Lo cercano y banal dispara reflexiones en un tono coloquial y desacralizador. La historia de una juventud puede contarse a través de una colección de carteras de marca y los emblemas de distinción que representan; mientras tanto, la célebre escultora Louise Bourgeois se convierte en "la francesa de las arañas gigantes", y la pintora japonesa Yayoi Kusama en "la china psicótica que veía lunares rojos en el aire y en todas partes". Decían Marx y Engels en El 18 de Brumario de Louis Bonaparte que "regalar y robar constituyen toda la ciencia financiera del lumpenproletariado". Los regalos y los robos son los que hacen circular los objetos en estas crónicas, desde las clases superiores hacia las inferiores; el único don ascendente (el del poema) se frustra. La cartera recibida de una europea rica será dada por el marido años después a la empleada doméstica paraguaya.

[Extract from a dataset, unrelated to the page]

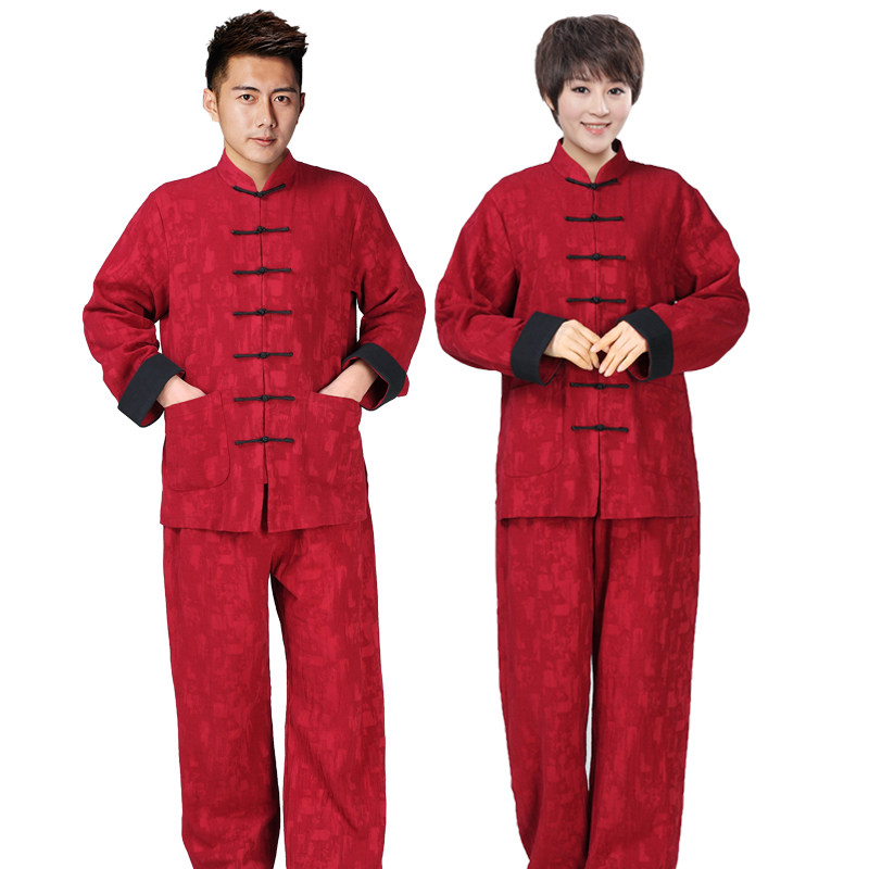 秋冬新款加厚棉麻太极服女功夫武术服比赛表演服唐装太极拳服装男 - 太极服真正的厂家

La historia es tan vieja como el mundo... del arte. La artista C. admira a la artista T. Según Freud, la admiración constituye una formación reactiva, un mecanismo de defensa para ocultar la envidia en el inconsciente. La artista C. no logra nada con sus acercamientos infantiles a la artista T.; decepcionada, C. se contenta con hacerle de chaperona para garantizar (y regodearse en observar) un patético fracaso en la vida amorosa de T., triunfando al fin donde ella fracasa y expresando su superioridad moral sobre T., mediante algún grado de control sobre su propio... vómito. No conforme con lo cual, C. narrará todo en un estilo de sobreexposición autobiográfica similar al de T.

El inferior del relato queda atrapado en el lugar del niño eterno e impotente; el superior goza, pero su corrupción o falsedad son denunciadas por una cronista que busca compensar su inferioridad con inocencia o venganza justa. Salvo por unas asociaciones fraternas que devienen en emprendimientos culturales y comerciales (el taller literario con Santiago Llach; la galería con Fernanda), el espacio social que se describe en este libro está rígidamente estratificado. Como escritora, Pavón se siente injustamente superior a sus alumnos de taller. Pero, como artista, la sientan a la mesa de los "de segunda línea", mientras la admirada inglesa que ella tradujo se emborracha hasta la inconsciencia: "Unos momentos después, Tray desplomó su cabeza sobre la mesa y se quedó dormida". Un momento, ¿no era "Trish"?

El lapsus revelador delata el exposé que iba a ser el "cuento", donde no todas las huellas se borraron y quedó una. "Trisha Erin" es una deformación del nombre de Tracey Emin, quien aparece al comienzo tratando al museo de "cagadero tercermundista" y con el mismo vestido que luce en la tapa de Proximidad del amor, el libro de sus crónicas que Pavón tradujo para la editorial Mansalva. El título del libro se menciona en el relato y sirve de pista. El nombre institucional del Museo Nacional de Bellas Artes encubre el del Museo de Arte Latinoamericano de Buenos Aires (MALBA), donde expuso Emin. Así que "Alexander" posiblemente sea el nombre ficticio de Marcelo Pacheco. De estos tiernos canibalismos está hecha la historia del arte y de la literatura; sepan los lectores que es por pudor que no se les cuenta todo. Y cuando éste falta es que el relato se pone más interesante.